Subfloor Preparation

Concrete subfloors are the most common substrate for parquet. The concrete must be:

  • Sound — no hollow areas, crumbling, or loose material
  • Flat — within 3mm per 2m (use a straightedge to check)
  • Dry — below 75% RH (critical — wood swells with moisture, causing blocks to peak and lift)
  • Clean — free from oil, grease, old adhesive, and paint

Self-levelling compound is the best way to flatten an uneven concrete floor. Allow full cure (minimum 24 hours per 10mm depth) before laying parquet.

Timber subfloors: Install a plywood overlay (minimum 12mm exterior-grade ply, screwed at 150mm centres) to create a rigid, stable base. Solid wood on a bouncy timber subfloor will develop squeaks and movement.

Acclimatisation

Parquet blocks must acclimatise to the room's humidity and temperature for a minimum of 7 days, ideally 14 days for reclaimed blocks.

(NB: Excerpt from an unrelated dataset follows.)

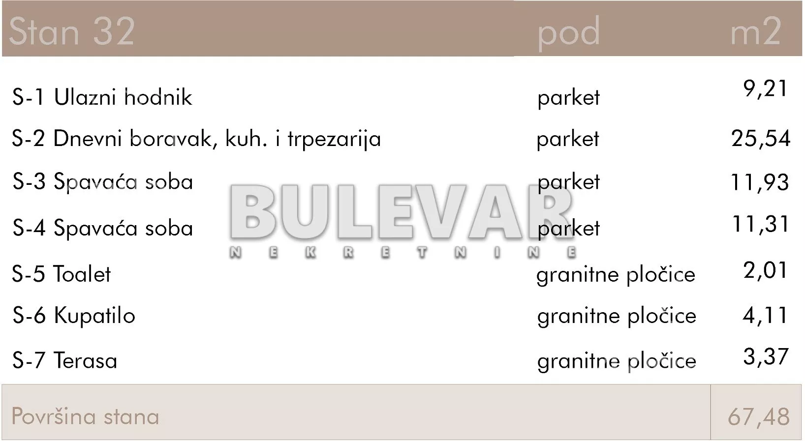 Na prodaju ekskluzivna novogradnja u centru. Stambeno poslovni objekat Po+P+8. Stan je projektovane površine 67,48m2. Nalazi se na osmom spratu, čine ga ulazni hodnik, dnevna soba sa trpezarijom i kuhinjom, dve spavaće sobe, toalet, kupatilo i terasa. Svaka stambena jedinica ima nezavistan sistem grejanja i hlađenja koji je automatizovan i moguće ga je kontrolisati putm mobilnog uređaja. Sistem za grejanje je postavljen kroz pod sa elektro-kotlom, dok je rashladni sistem sa invertor klimama. Svi podovi izvedeni su kao plivajući sa ugrađenom zvučnom izolacijom. Na podu je višelojni parket, a u kupatilu granitna keramika.Unutrašnja stolarija izrađena je od visoko kvalitetnog furnira, dok je spoljna stolarija od aluminijuma. Za kupce prvog stana postoji mogućnost povratka PDV-a. Postoji mogućnost kupovine parking mesta. Ovo je samo deo naše ponude, za više informacija stojimo Vam na raspolaganju.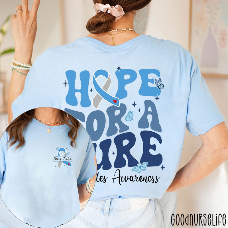 Personalized Hope For A Cure Diabetes Awareness Nurse Two Sided T-Shirt

Store in the room with the heating at normal operating temperature. Stack blocks flat with spacers between layers to allow air circulation. This allows the wood to reach its equilibrium moisture content (EMC) in the environment where it will be installed.

Do not lay parquet in rooms where the heating has not been operational for at least 2 weeks.

Setting Out the Herringbone Layout

  1. Find the centre of the room — snap chalk lines from the midpoint of each wall to give a true centre cross
  2. Adjust the layout to avoid narrow cuts (less than half a block width) at skirting boards. Shift the starting position slightly if necessary
  3. Set out a dry run (no adhesive) from the centre line in both directions to check the proportions and border spacing
  4. Mark the centre working line with a chalk snapper. This is the critical reference line — it must be perfectly straight

For herringbone: The first block in a herringbone layout sits at 45° to the centre line. Lay a block centred on the cross, at 45°. This sets all subsequent blocks.

Border design: Most herringbone floors have a straight-laid border (feature strip) running around the room, separating the herringbone field from the skirting. Typically one or two block widths wide. The border must be parallel to the walls. Plan the border width as part of the layout before starting.

Adhesive Application and Laying

For bitumen mastic: use a flat-edge trowel to spread adhesive approximately 2mm thick. Mastic has a long open time (30–60 minutes) — do not rush.

For polyurethane: use a V-notch trowel (typically 3×3mm or as specified). Work in smaller areas as open time is shorter.

Laying sequence: Start at the centre line. Lay the first row of herringbone blocks in one direction from the centre, then the perpendicular rows. Build up the pattern systematically, pressing each block firmly down with hand pressure or a rubber mallet through a board.

Tapping: Use a tapping block (a piece of spare flooring with a protected face) — never strike blocks directly. Ensure each block is properly bedded — listen for a hollow sound (insufficient adhesive beneath).

Clean adhesive off surface immediately. Polyurethane adhesive that dries on the face of hardwood is very difficult to remove without damaging the surface.

Sanding

Wait minimum 48 hours after laying before sanding (72 hours for polyurethane adhesive).

Drum sander: Load with 36 grit. Run across the grain at 45° to the block direction — this flattens any lippage (height difference between adjacent blocks). Keep the machine moving at all times — stopping causes a hollow in the floor.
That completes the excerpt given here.